── Data shown
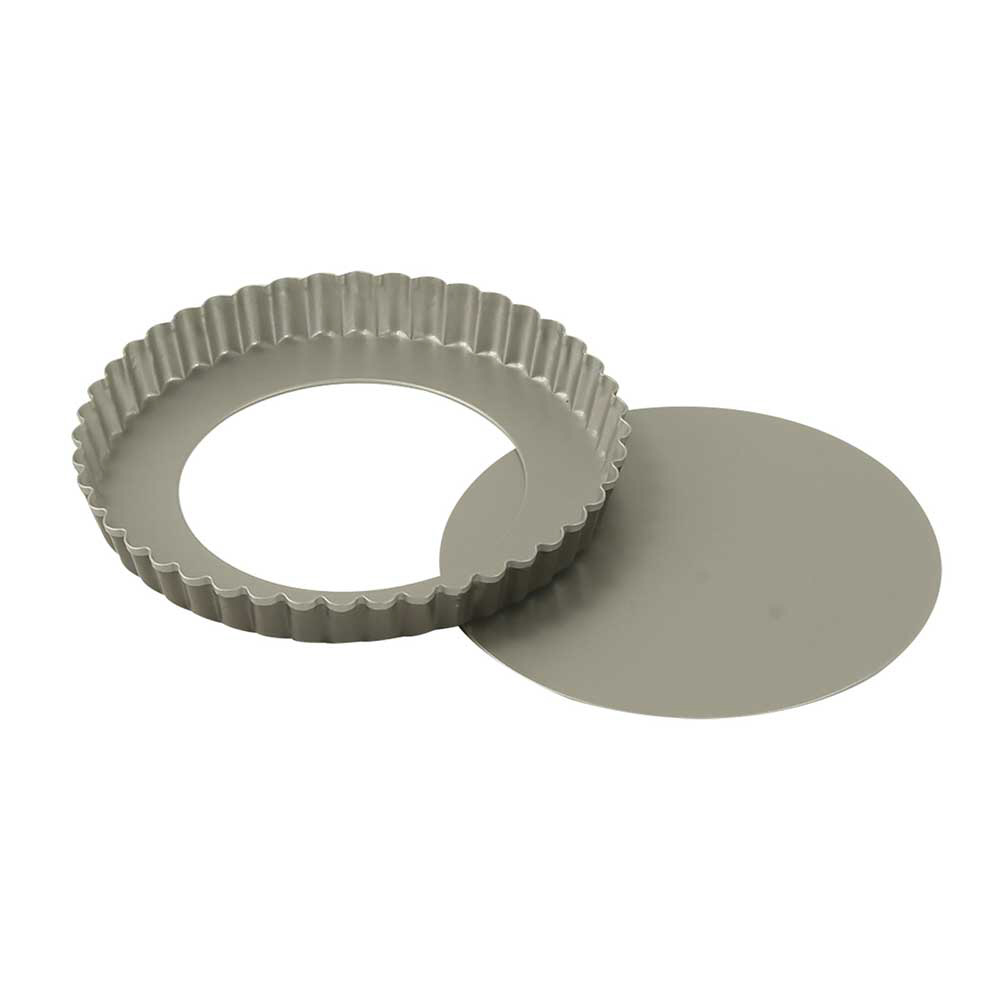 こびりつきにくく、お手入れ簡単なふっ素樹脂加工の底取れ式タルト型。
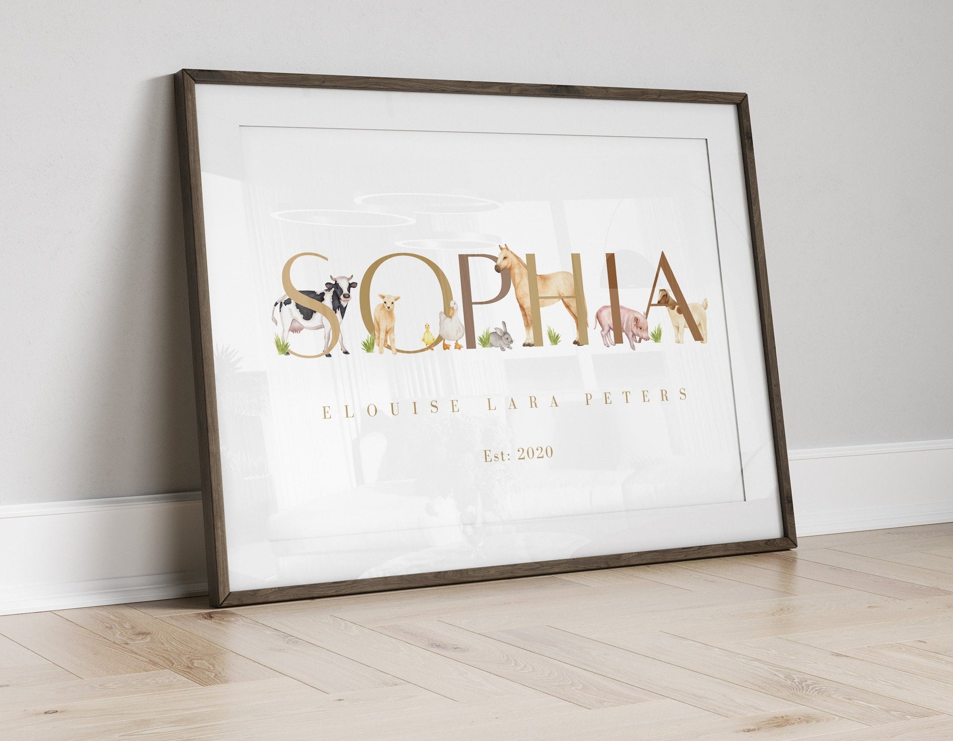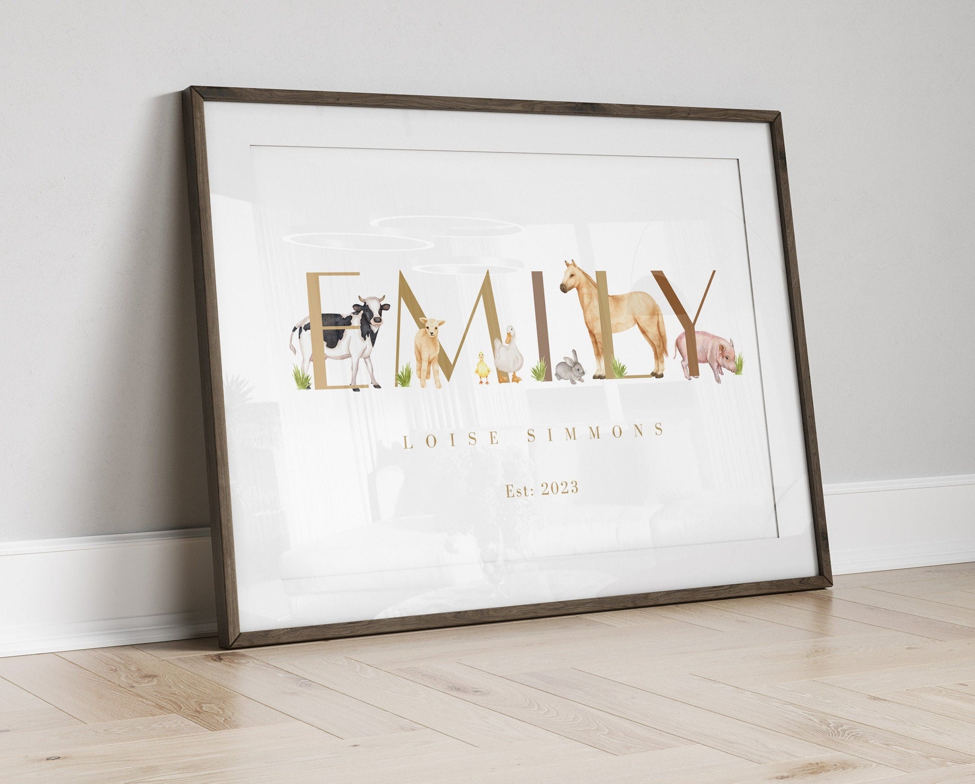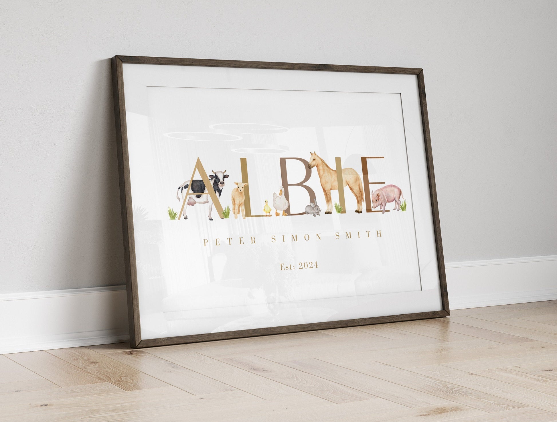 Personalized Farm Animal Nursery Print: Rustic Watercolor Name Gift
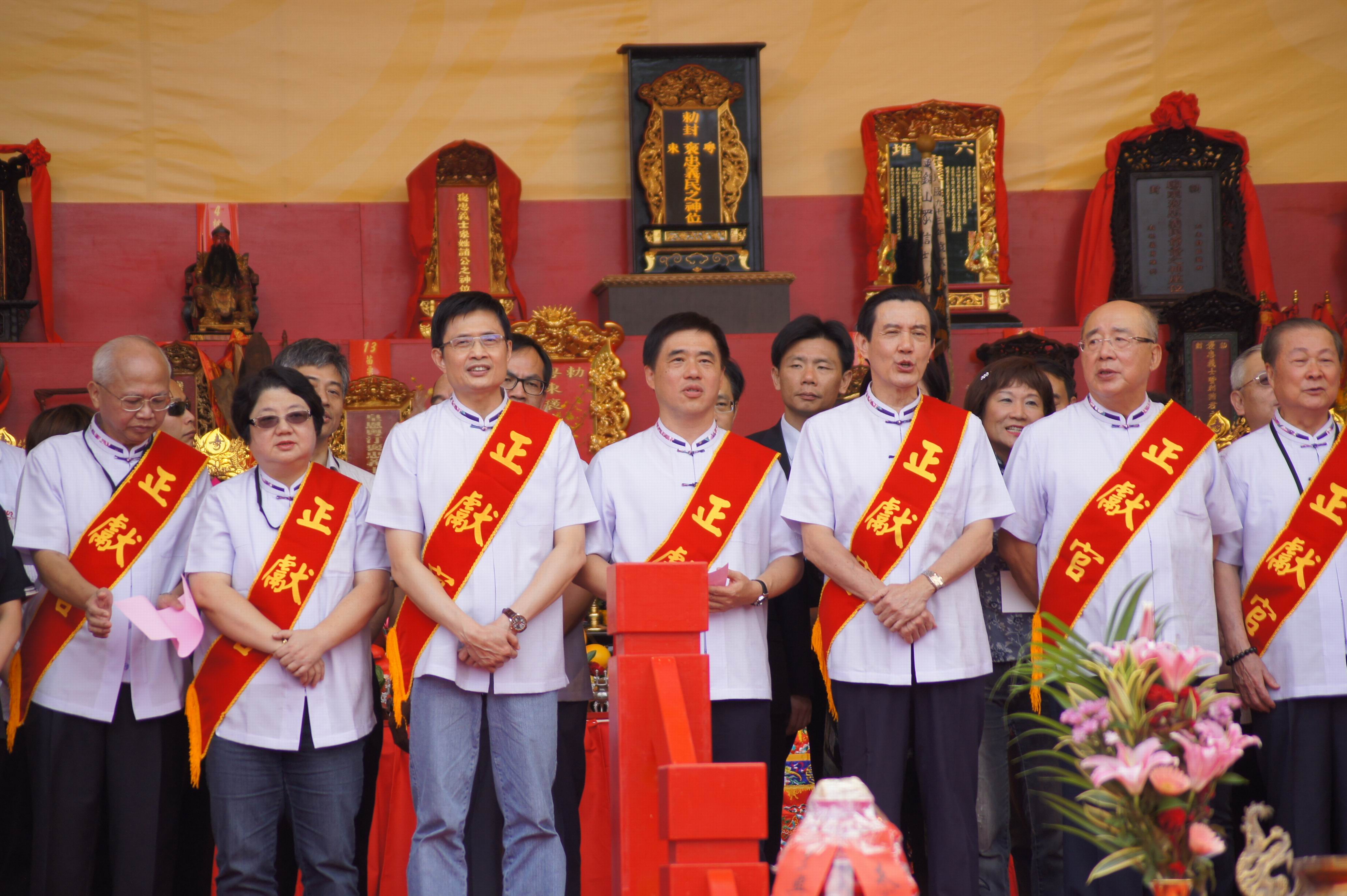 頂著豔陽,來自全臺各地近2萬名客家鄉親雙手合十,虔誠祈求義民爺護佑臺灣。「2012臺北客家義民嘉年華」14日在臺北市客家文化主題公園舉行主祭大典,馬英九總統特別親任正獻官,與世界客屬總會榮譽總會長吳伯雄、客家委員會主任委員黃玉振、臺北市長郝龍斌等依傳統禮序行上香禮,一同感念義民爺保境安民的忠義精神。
────
• **Exercise**
Everything in the data except the pictures needs to be written out exactly.

• **Task answer**
 こびりつきにくく、お手入れ簡単なふっ素樹脂加工の底取れ式タルト型。
 Personalized Farm Animal Nursery Print: Rustic Watercolor Name Gift
 頂著豔陽,來自全臺各地近2萬名客家鄉親雙手合十,虔誠祈求義民爺護佑臺灣。「2012臺北客家義民嘉年華」14日在臺北市客家文化主題公園舉行主祭大典,馬英九總統特別親任正獻官,與世界客屬總會榮譽總會長吳伯雄、客家委員會主任委員黃玉振、臺北市長郝龍斌等依傳統禮序行上香禮,一同感念義民爺保境安民的忠義精神。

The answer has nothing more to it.